Liver & Kidney toxicity

[Solipsis]

What are examples of drugs (or their metabolites) that can do significant and lasting damage to internal organs - here more specifically interested and liver and kidneys.

I read in a recent trip report of 3-MeO-PCMo the claim that PCP is not easy on the liver / kidneys, but then had a hard time finding studies on actual direct toxicity. Is it just assumed, because in some extreme cases the rhabdo causes renal failure?

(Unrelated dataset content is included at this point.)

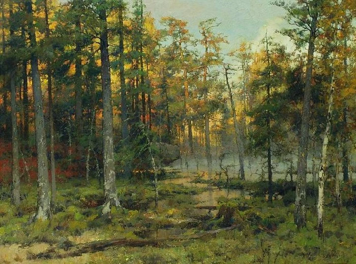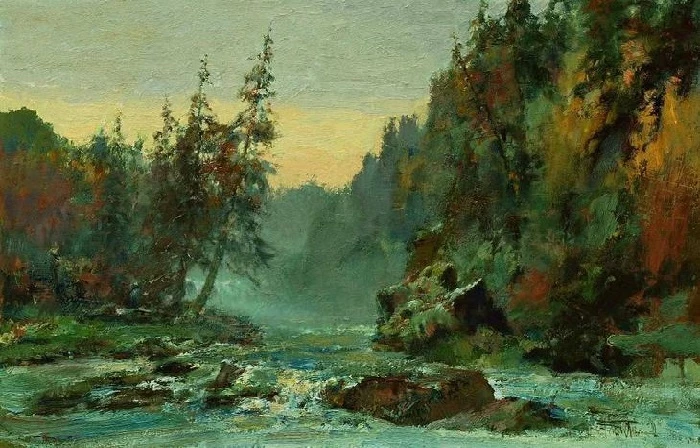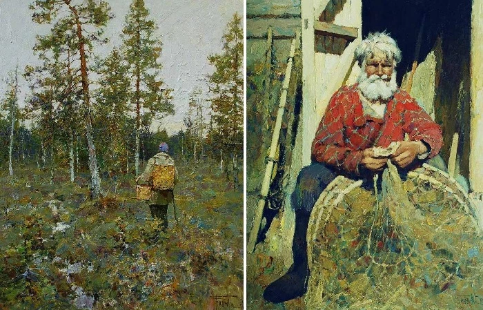 Несмотря на устойчивую преданность лесным сюжетам, ему остаются интересны захолустные дворики "Старого Архангельска", поморские баркасы на Соломбалке и ветхие "двухэтажки" поселка Гидролизного завода.
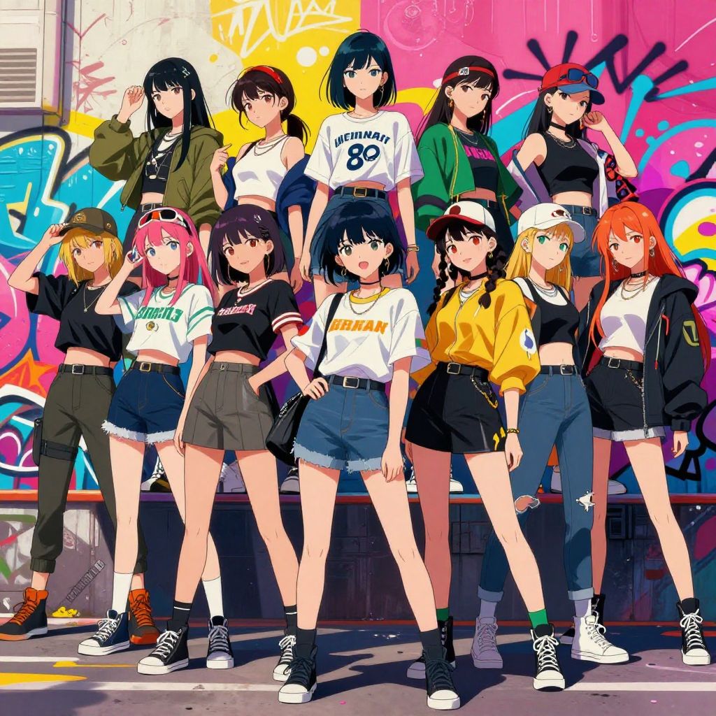 Digital anime-style illustration of a diverse group of 11 teenage girls in urban streetwear, posing confidently in front of vibrant graffiti.

That got me thinking: while predictions for novel RC type drugs are usually quite hard (though we can have concerns looking at closely related chem species), what are some type of recreational psychoactive compounds - broadly speaking - that are pretty sure to damage your liver or kidneys?
Also, how does that usually happen? I guess organic damage (terrible oxidative onslaught e.g.?), but also messing with enzyme activity? How do you measure strain on kidneys (or liver), the fact that a drug is metabolized and excreted extensively alone is not strain, is it? Just a lot of work for these organs.

 

[Kittycat5]

For the kidneys damage can be done through many mechanisms. Toxicity can cause changes in hemodynamics of the kidney, inflammation, direct damage to microtubules and epithelial cells or via rhabdomyolysis. Traditional markers of kidney problems would be decreased GFR and creatinine clearance and increased BUN and serum creatinine but these changes usually occur when much damage has been done. There may be more specific markers of acute damage, primarily elevations in things like albumin, transferrin and other proteins but do not know how often they are checked for clinically. Cocaine, methamphetamine, and alcohol come to mind immediately as nephrotoxic drugs of abuse with rhabdo being the primary damage.

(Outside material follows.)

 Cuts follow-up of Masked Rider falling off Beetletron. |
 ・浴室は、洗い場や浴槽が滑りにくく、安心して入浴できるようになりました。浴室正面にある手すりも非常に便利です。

Not too sure about the liver but imagine many more drugs can be involved and elevation of AST and ALT would be some markers of damage.

 

[sekio]

I think renal failure on PCP is a reslt of overexertion/trauma due to anesthetic effects.

 

[Solipsis]

@Sekio: Good to see you think the same

@Kittycat: Thanks, great info! I would absolutely love to hear about examples of inflammation or damage to microtubules, just case studies would even be fine - if they illustrate something about the array of known common rec drugs.
I realize the liver is a pretty complex organ, I myself have chronic surprising CK levels but have also learned that this is just a natural state for some people. I entertained the idea for a while that chronic use of various drugs (incl abuse in different seperate not too long phases) has caused induction or hyperexpression of a lot of enzymes.. But that is probably just an unfounded fantasy. The enzyme population does not exist like GI flora, but is genetically expressed. Still, I wonder about if it gets upregulated in reaction to chronic hyperactivity of the enzymes.

 

[Kittycat5]

I have a few I will link after work.

 

[Kittycat5]

http://m.cjasn.asnjournals.org/content/8/4/523.full

Case study investigating synthetic cannabinoids and neprhotoxicity in four patients. They presented with ischemic acute tubular necrosis in many ways but werent hypovolemic. Authors also speculate it may be an adulterant such as a heavy metal rather than the cannabinoid itself.

http://www.ncbi.nlm.nih.gov/pubmed/9794581?dopt=Abstract&holding=npg

Free full text available. Multiple organ involvement in this one but nephrotoxic effects may again be from ischemia or rhabdo.

http://www.ncbi.nlm.nih.gov/pubmed/7170290?dopt=Abstract&holding=npg

Old but interesting. I didnt mention uricemia as a cause of renal failure because didnt think drugs of abuse would cause it. Here is a case study showing PCP may very well do it.

http://m.cjasn.asnjournals.org/content/1/4/655.long?view=long&pmid=17699270

And finally a review of cocaine and heroin associated kidney problems. Cocaine is pretty well known to cause kidney disease but the evidence for heroin is less convincing.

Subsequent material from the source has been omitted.